Although pictures appear in the entries below, leave them out and print exactly the lines from the first line through the line containing "- zdalne sterowanie".

━━━━━━━━━━━━━━━━━━━━━━━━━━━━━━

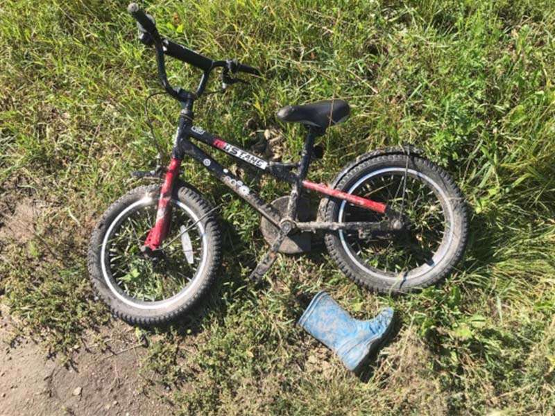 Ребенок пересекал дорогу на велосипеде.
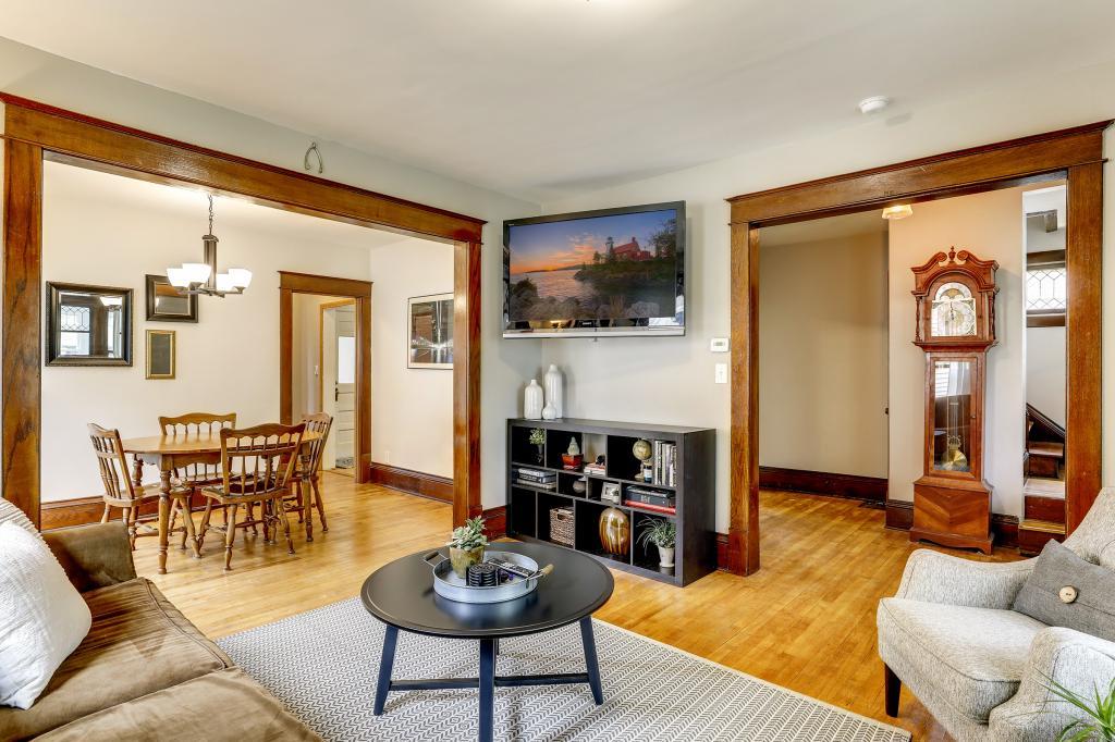 Fully remodeled charmer in South Minneapolis! This bright home offers a spacious front porch, upper level deck, and hardwood floors throughout. The updated kitchen includes stainless steel appliances, white cabinetry, a farmhouse sink, and beautiful white subway tile backsplash. This home also features 5 bedrooms and 2 bathrooms providing plenty of space. This highly desirable location is near Powderhorn Lake, parks, many restaurants, shops, and grocery stores.
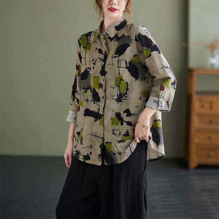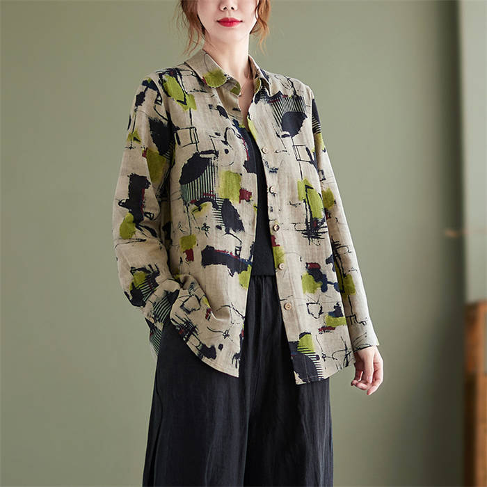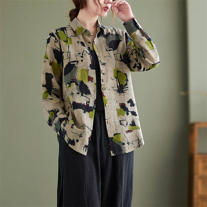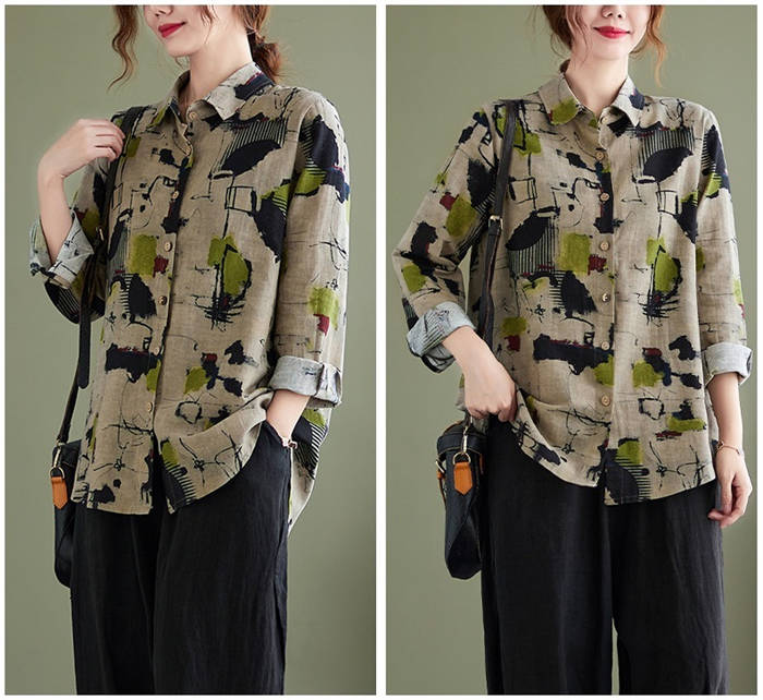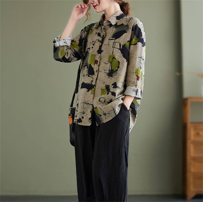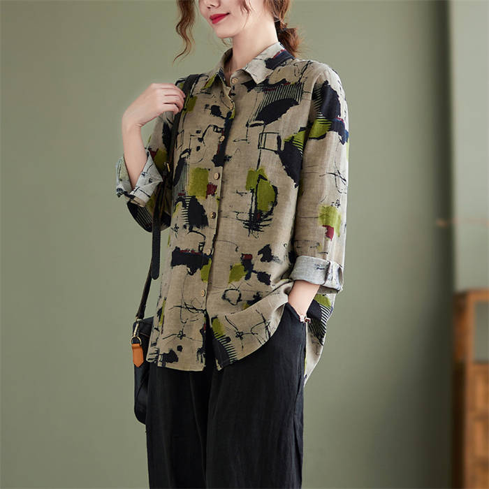 ガーゼシャツ 長袖トップス レディース 長袖シャツ シャツブラウス 総柄 着回し 花柄 快適 着心地 柔らか カワイイ 柔軟 個性 お出かけ 外出 普段着 日常 ディリー 20代 30代 40代 50
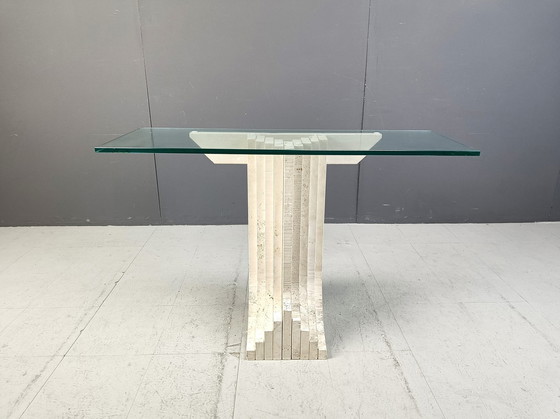 Prachtige architecturale travertijnen consoletafel in de stijl van Carlo Scarpa. Mooie tijdloze uitstraling. In goede staat. Afmetingen: Hoogte: 74cm Breedte: 110cm Diepte: 40cm Ref.: 24120906 Een aangepaste glasmaat kan door ons geleverd worden, neem contact met ons op voor informatie.
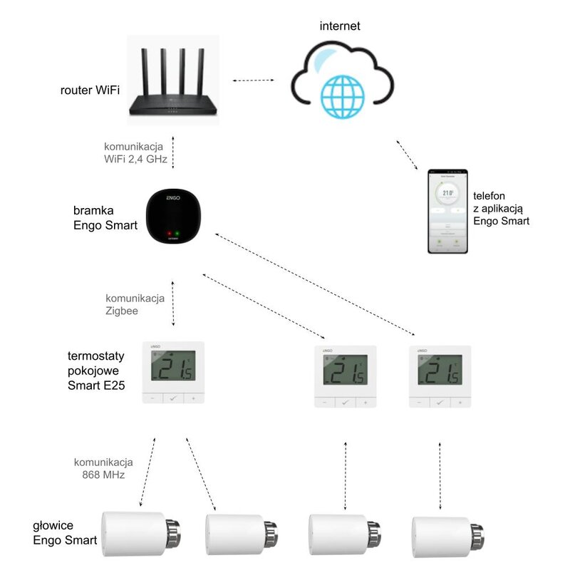 - zdalne sterowanie przez internet - wymaga termostatu naściennego Engo Smart E25 i bramki
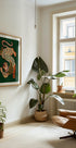 Silmiinpistävä abstrakti kuva tyylitellystä tiikeristä eloisissa väreissä voimakkaan vihreää taustaa vasten. Taideteoksessa yhdistyvät geometriset kuviot, virtaavat linjat ja eloisat tekstuurit luodakseen modernin tulkinnan kissan hengestä. Ainutlaatuinen eläinvaikutteinen taideteos modernin muotoilun ystäville.
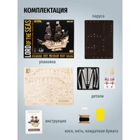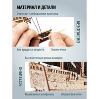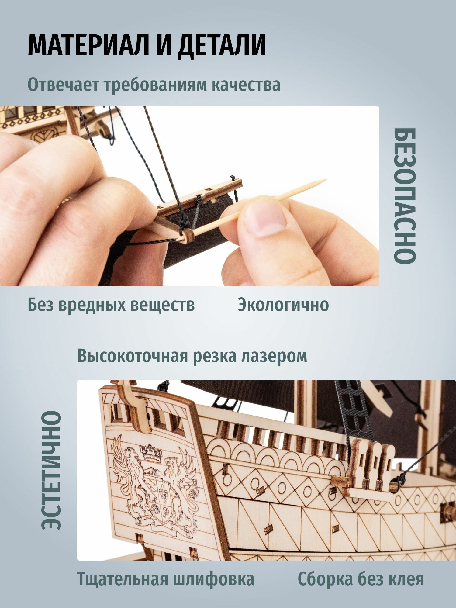 Сборная модель корабля «Владыка Морей» от Eco Wood Art: путешествие в мир парусников Откройте для себя удивительный мир мореплавания с деревянной моделью корабля «Владыка Морей» от торговой марки Eco Wood Art. Этот деревянный конструктор — идеальный выбор для любителей рукоделия и истории мореплавания. Деревянный корабль всегда отличный подарок для взрослого. Владыка морей может вам напоминать корабль Золотая Лань или корабль Черная Жемчужина. Особенности модели: - Материал: высококачественная берёзовая фанера, известная своей прочностью и долговечностью.- Паруса: изготовлены из ткани, что придаёт модели реалистичный вид. - Комплектация: в наборе вы найдёте всё необходимое для сборки, включая нити для вязки узлов, что позволит вам максимально погрузиться в процесс создания корабля. - Сборка: модель собирается без использования клея, что делает процесс сборки более удобным и приятным.- Размер: модель отличается большими размерами, что придаёт ей дополнительную внушительность и детализированность. Технические характеристики: - Размер коробки: 480х373х20 мм. - Размер собранной модели: 517х402х160 мм. - Вес собранной модели: 710 г. Эта сборная модель корабля не только порадует своим реалистичным видом, но и позволит насладиться увлекательным процессом сборки. Высокое качество изготовления и внимание к деталям делают «Владыку Морей» отличным выбором как для деревянных конструкторов для мальчиков, так и для взрослых любителей морских моделей. Сборная модель судна «Владыка Морей» станет прекрасным дополнением к коллекции деревянных парусников или оригинальным подарком для любителей мореплавания и рукоделия.
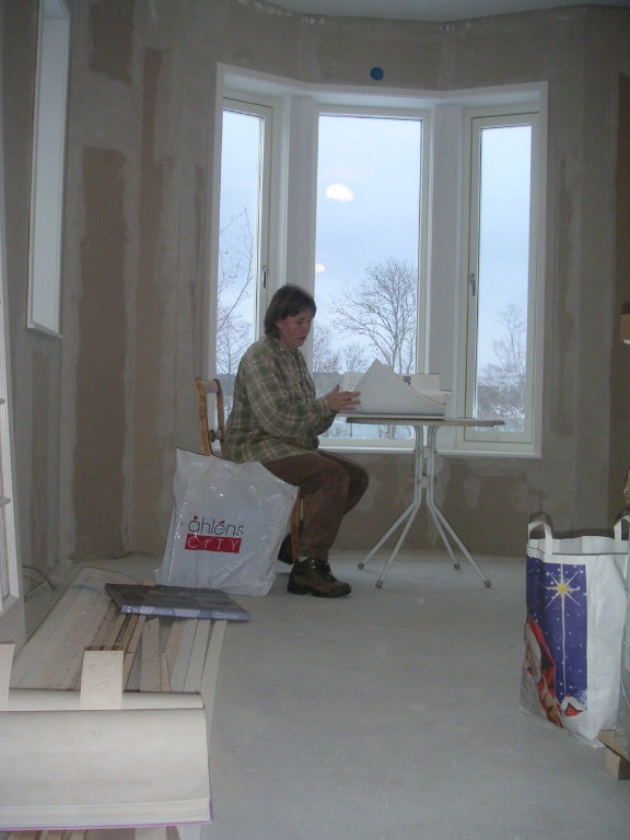 Trappan lackas. Passar bra då det lackar mot jul. Tre lager parkettlack med slipning mellan. Sista lagret lack läggs på då trappan monterats.
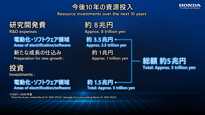 如同前言所說的,Honda在未來10年在研發上的預算將達約8兆日圓,其中電動車與其周邊軟體的開發投資將達5兆日圓,同時因應全新的布局,在新技術領域與資源共享部分也將投資達1兆日圓;並且以每年100億日圓的金額,積極投資具高潛力先進技術與商業模式的新創公司,另外,Honda在2022年3月還對外發行了總計達27.5億美元的綠色債券,期望籌措更多資金用於開發電動車與燃料電池車款,以利加快達到環境零影響的社會責任目標。
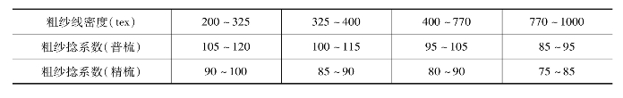 当纤维长、整齐度高、线密度小、粗纱线密度大时,捻系数应小,细纱后区牵伸工艺直接影响成纱质量,生产中往往调整粗纱捻系数来协助细纱机后区牵伸工艺的调整。当细纱机的牵伸机构完善、加压条件好时,粗纱捻系数可偏大掌握。此外,粗纱捻系数对气候条件比较敏感,气候潮湿,粗纱发涩,捻系数应小;气候干燥,纤维发硬,捻系数应大。但有些地区在梅雨季节,粗纱与机件的摩擦系数大,前罗拉锭翼顶端的纱条下坠严重,粗纱发烂,此时捻系数应增加;而在寒冷季节,粗纱与机件的摩擦系数小,捻系数减小,卷绕成形正常。捻系数的选择参见表2-10和表2-11。
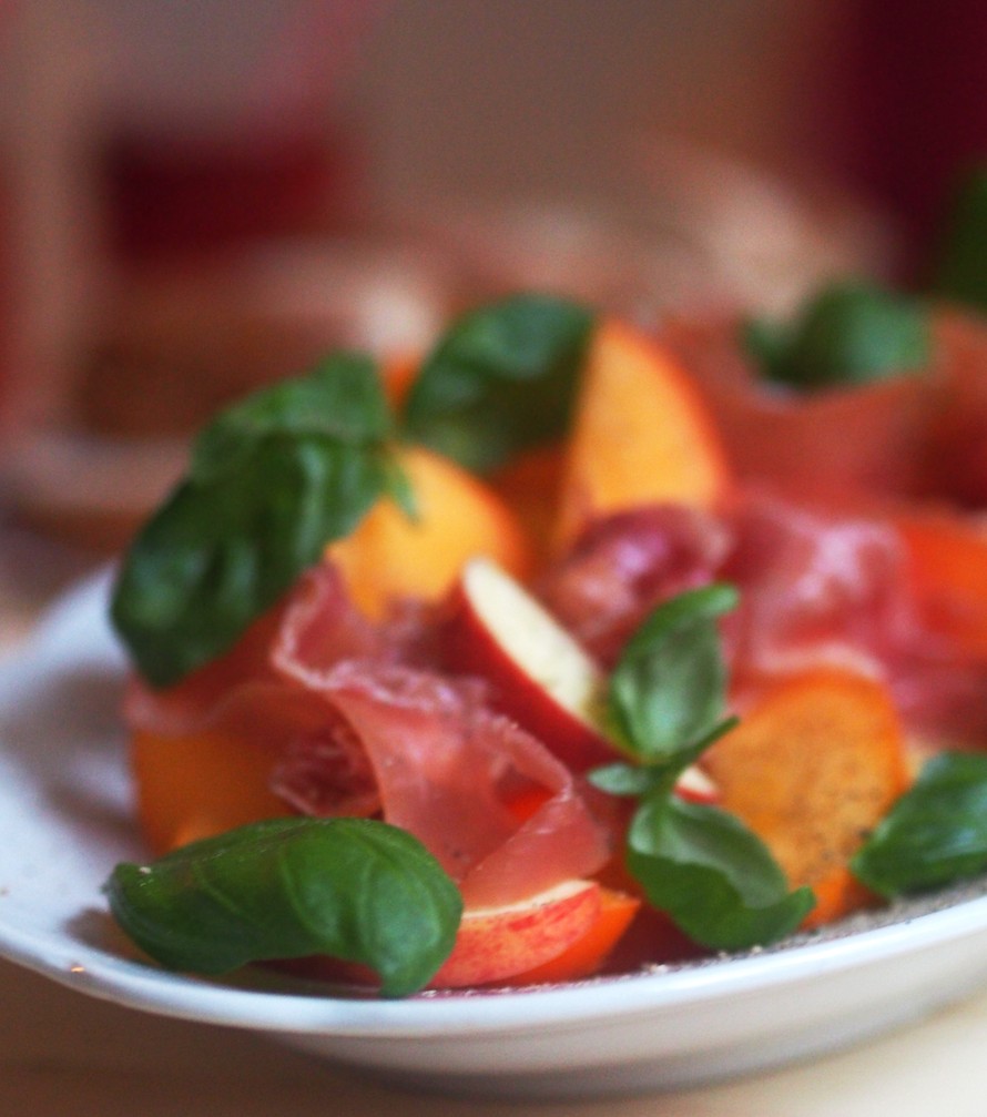 Rullaile kinkkuviipaleet rennosti hedelmien päälle ja koristele basilikan lehdillä.

━━━━━━━━━━━━━━━━━━━━━━━━━━━━━━

* Result
 Ребенок пересекал дорогу на велосипеде.
 Fully remodeled charmer in South Minneapolis! This bright home offers a spacious front porch, upper level deck, and hardwood floors throughout. The updated kitchen includes stainless steel appliances, white cabinetry, a farmhouse sink, and beautiful white subway tile backsplash. This home also features 5 bedrooms and 2 bathrooms providing plenty of space. This highly desirable location is near Powderhorn Lake, parks, many restaurants, shops, and grocery stores.
 ガーゼシャツ 長袖トップス レディース 長袖シャツ シャツブラウス 総柄 着回し 花柄 快適 着心地 柔らか カワイイ 柔軟 個性 お出かけ 外出 普段着 日常 ディリー 20代 30代 40代 50
 Prachtige architecturale travertijnen consoletafel in de stijl van Carlo Scarpa. Mooie tijdloze uitstraling. In goede staat. Afmetingen: Hoogte: 74cm Breedte: 110cm Diepte: 40cm Ref.: 24120906 Een aangepaste glasmaat kan door ons geleverd worden, neem contact met ons op voor informatie.
 - zdalne sterowanie przez internet - wymaga termostatu naściennego Engo Smart E25 i bramki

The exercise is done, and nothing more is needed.